Проснулась Люба рано – заря еще только-только высветлила окна. Проснулась, наверно, оттого, что спала не на привычной жесткой койке в студенческом общежитии, а на мягкой жаркой перине. Хозяйка уложила ее на свою широкую кровать под двумя мужскими портретами, украшенными бумажными цветами. Такие большие фотографии в рамках обычны для деревенских горниц, на них, как правило, изображены подретушированные до неузнаваемости муж и жена в нарисованных фотографом сверхэлегантных костюмах и галстуках, кои, возможно, и не снились хозяевам портретов. А здесь женщины не было. Люба еще ночью, когда приехали, обратила на это внимание. Слева, в казачьей фуражке, заломленной набекрень, красовался бородач с унтер-офицерскими нашивками на погонах. Рядом немолодой уже красноармеец в пилотке со звездочкой.

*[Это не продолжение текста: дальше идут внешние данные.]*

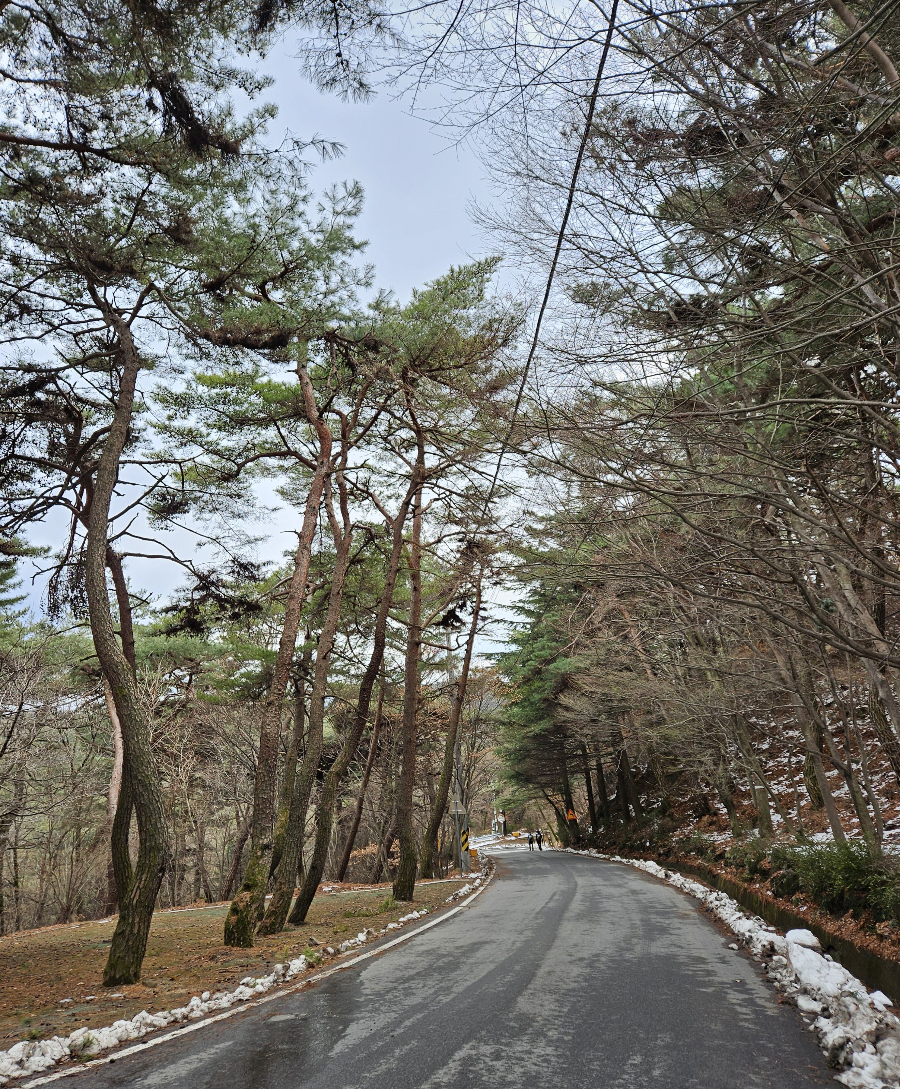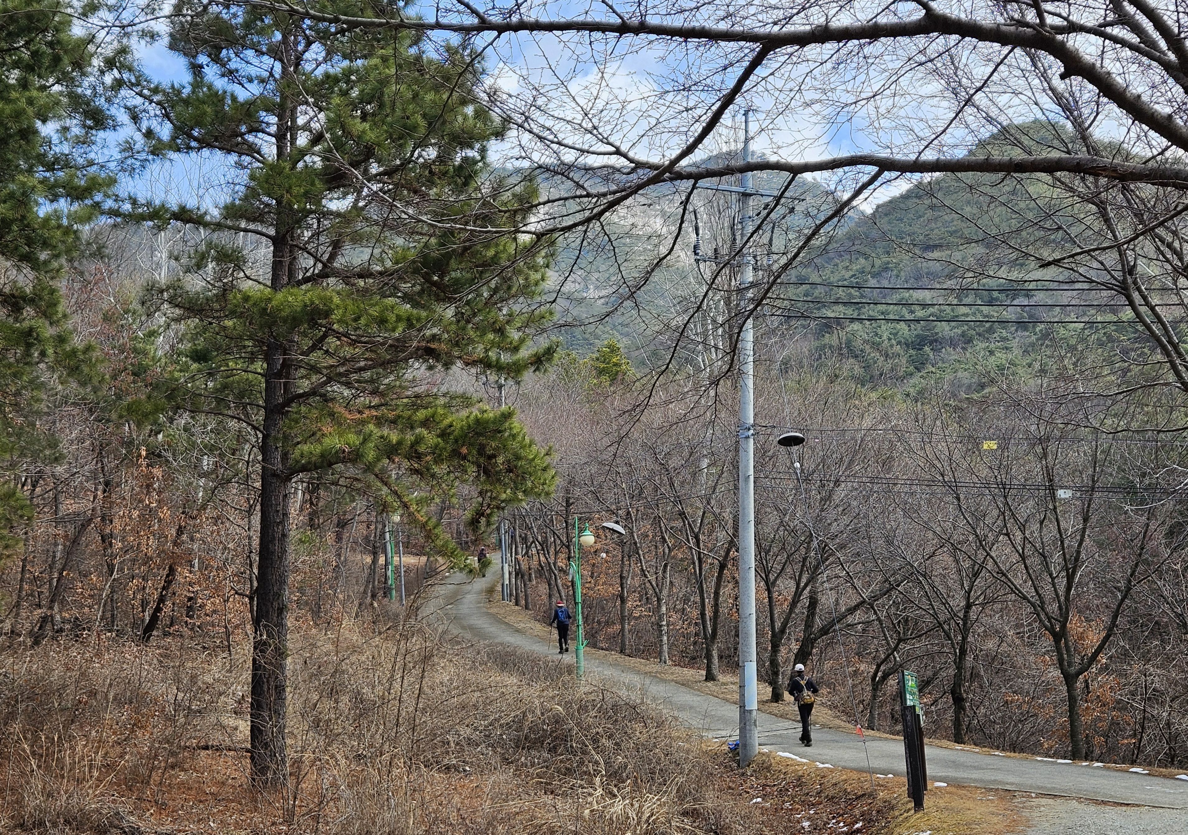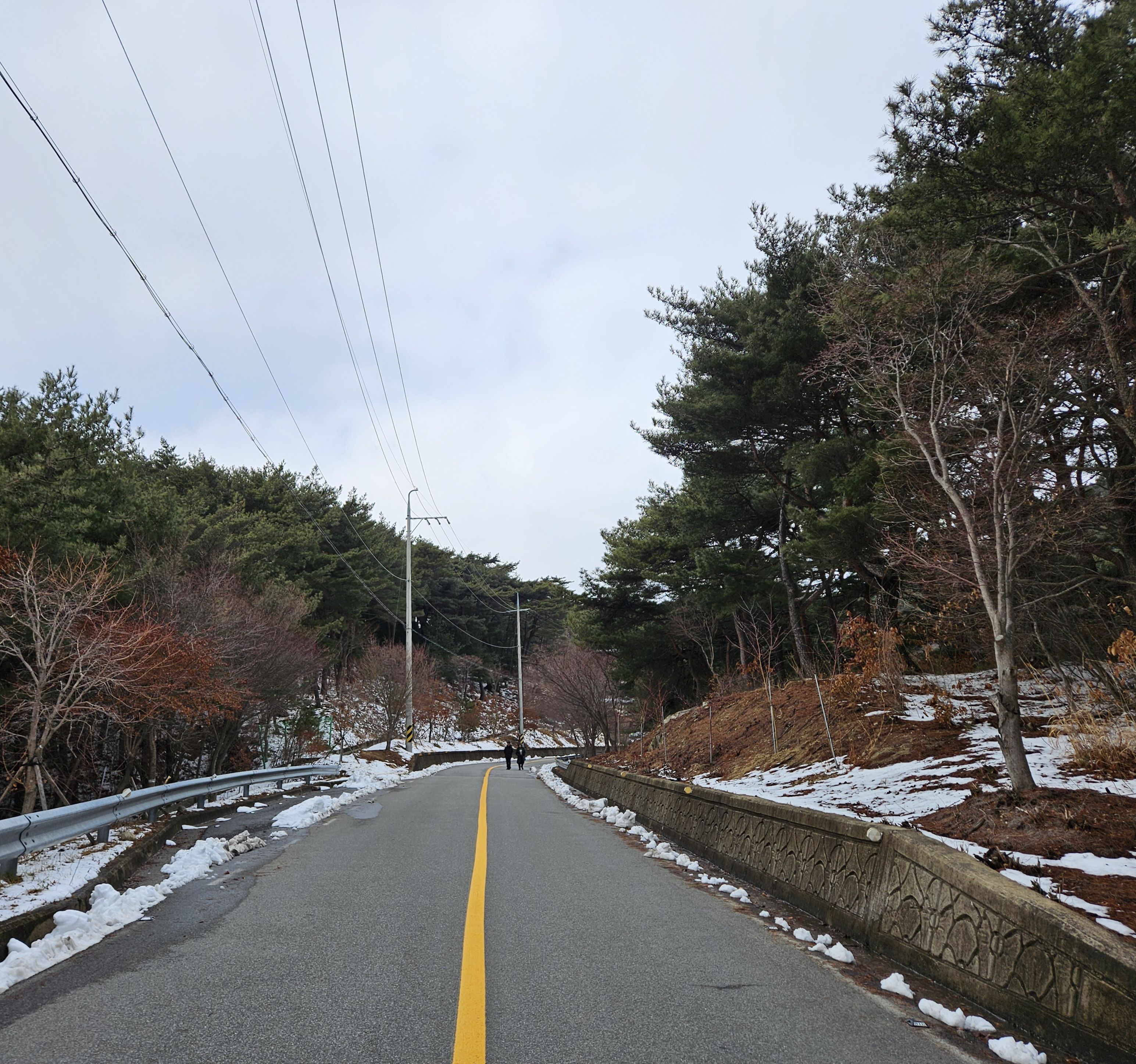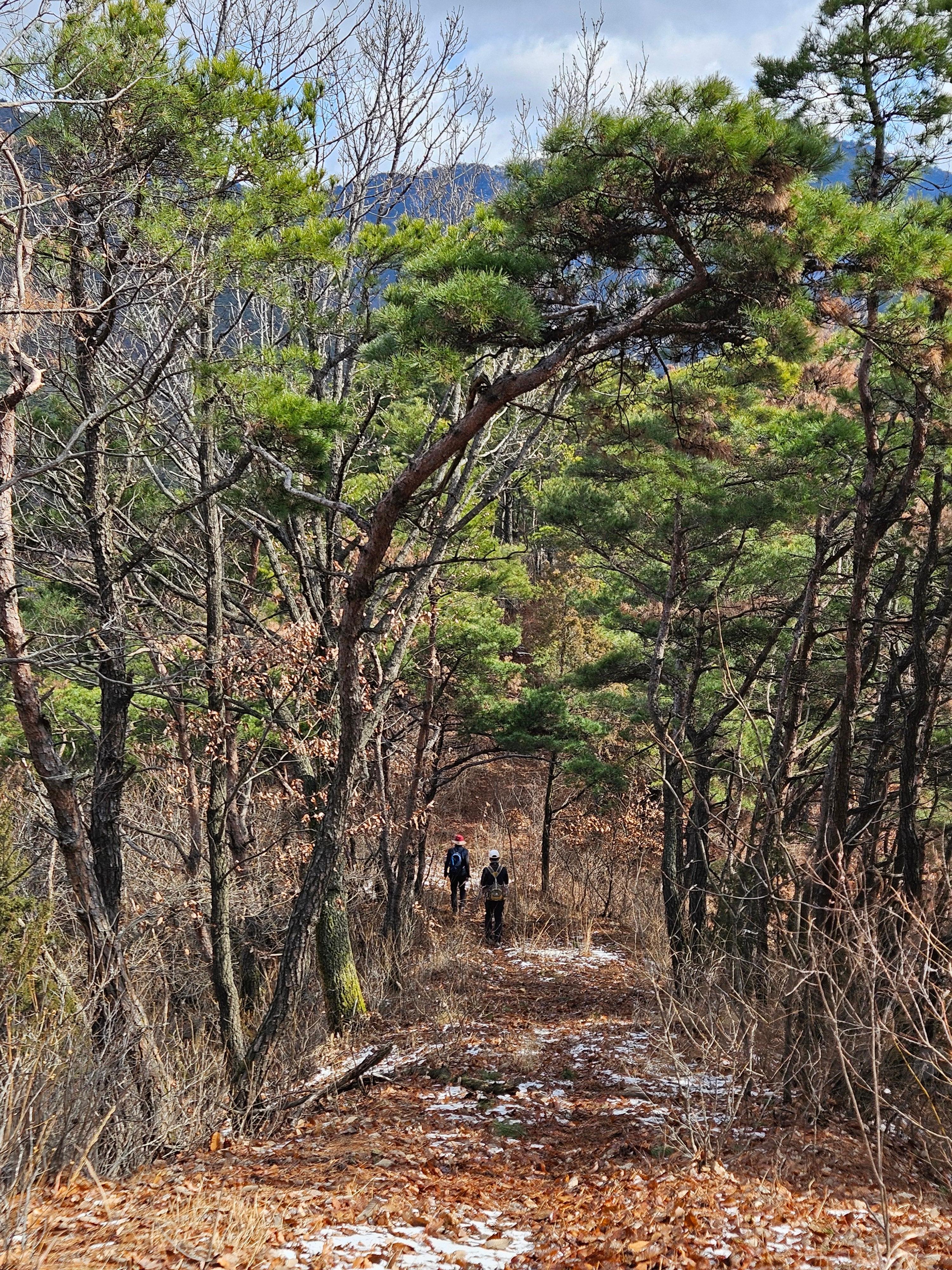 아직은 눈이 없는 푸른 소나무숲길 이 멋졌습니다.

Быстро светлело. Верхние звенышки окон слабо подрумянились, будто их накаляли на медленном огне.
У противоположной стены, на такой же высокой кровати, как у Любы, зашевелилась Анфиса Лукинична. Села, спустив на домотканый коврик босые ступни, опутанные толстыми бугристыми венами. Широко, сладко зевнула и перекрестила рот. На руке, которой хозяйка обмахнула рот, не было пальцев, лишь торчали короткие обрубки. Люба поняла, что Беспалая – это не фамилия Анфисы Лукиничны, а прозвище.
Вчера, когда трактор вытащил автомашину наверх, Григорий сказал: «Председатель велел вас к Анфисе Беспалой отвезти. Между прочим, ваши предшественницы тоже у Анфисы квартировали». Что он этим хотел сказать? Возле дома со старой тесовой крышей Григорий подрулил к воротам и, беря Любин чемодан, добавил: «Скучная персона эта Анфиса. У нее весь дом, говорят, ладаном пропах».
Никакого ладанного запаха Люба не почувствовала. Может быть, потому, что не знала, как ладан пахнет? Топленый воск от лампадки улавливался в воздухе... И нафталином припахивало от двух больших сундуков, что стояли рядом с голландкой.
Анфиса Лукинична, склонив голову, долго расчесывала длинные густые волосы. И была она похожа в эти минуты на скорбящую богоматерь. Вместе с тем угадывалось, что это истая уральская казачка, что в жилах ее подмешана кровь азиатского востока – смуглое лицо с крючковатым, чуть приплюснутым носом, разрез черных глаз удлиненный, не славянский.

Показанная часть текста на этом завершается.